WHAT YOU NEED TO DO:
In the listing below, find the line holding "Barneseng med madrass" and the line holding "Au troisième et". Write out those two lines and all lines between, exactly, and nothing more.

ENTRIES SHOWN:
^^^^

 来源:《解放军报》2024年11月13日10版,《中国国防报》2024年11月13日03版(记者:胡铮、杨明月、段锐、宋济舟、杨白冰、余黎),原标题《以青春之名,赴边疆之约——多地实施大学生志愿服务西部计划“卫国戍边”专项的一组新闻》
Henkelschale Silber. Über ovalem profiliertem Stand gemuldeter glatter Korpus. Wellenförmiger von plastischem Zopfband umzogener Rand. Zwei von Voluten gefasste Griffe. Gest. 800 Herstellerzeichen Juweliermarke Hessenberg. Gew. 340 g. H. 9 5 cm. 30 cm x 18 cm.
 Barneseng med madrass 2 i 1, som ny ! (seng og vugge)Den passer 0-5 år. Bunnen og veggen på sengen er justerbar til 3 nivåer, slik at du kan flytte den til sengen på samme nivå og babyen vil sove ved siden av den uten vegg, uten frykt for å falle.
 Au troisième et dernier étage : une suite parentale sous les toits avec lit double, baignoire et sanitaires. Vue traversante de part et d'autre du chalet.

^^^^

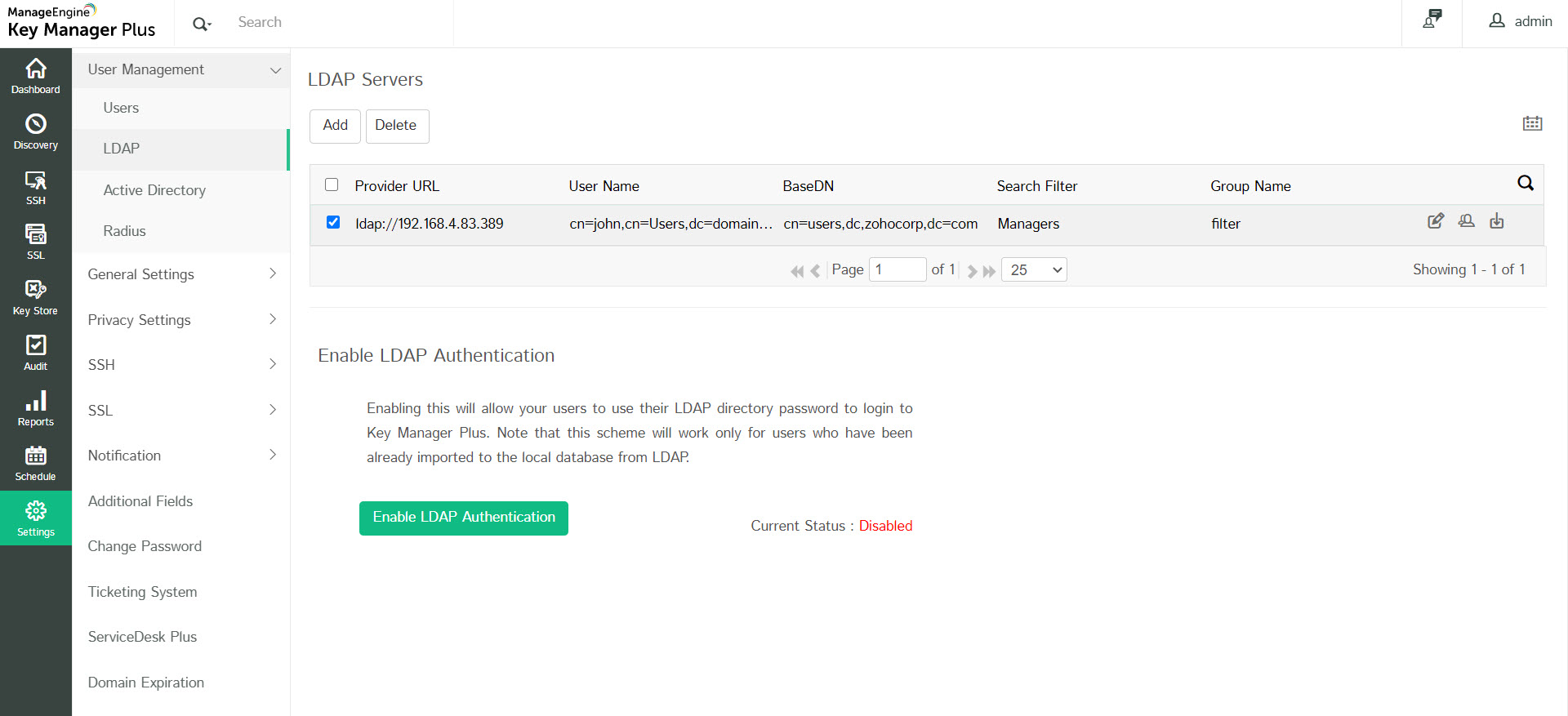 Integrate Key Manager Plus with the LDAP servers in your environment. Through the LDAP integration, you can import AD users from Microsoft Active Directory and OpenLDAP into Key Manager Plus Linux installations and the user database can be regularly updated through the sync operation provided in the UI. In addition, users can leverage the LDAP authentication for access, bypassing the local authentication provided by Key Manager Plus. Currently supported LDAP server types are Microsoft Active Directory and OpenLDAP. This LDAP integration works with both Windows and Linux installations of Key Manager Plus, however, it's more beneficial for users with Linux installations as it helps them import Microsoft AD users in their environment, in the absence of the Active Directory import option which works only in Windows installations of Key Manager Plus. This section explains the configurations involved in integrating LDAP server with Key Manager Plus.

^^^^

RESULT FOR THIS EXERCISE:
 Barneseng med madrass 2 i 1, som ny ! (seng og vugge)Den passer 0-5 år. Bunnen og veggen på sengen er justerbar til 3 nivåer, slik at du kan flytte den til sengen på samme nivå og babyen vil sove ved siden av den uten vegg, uten frykt for å falle.
 Au troisième et dernier étage : une suite parentale sous les toits avec lit double, baignoire et sanitaires. Vue traversante de part et d'autre du chalet.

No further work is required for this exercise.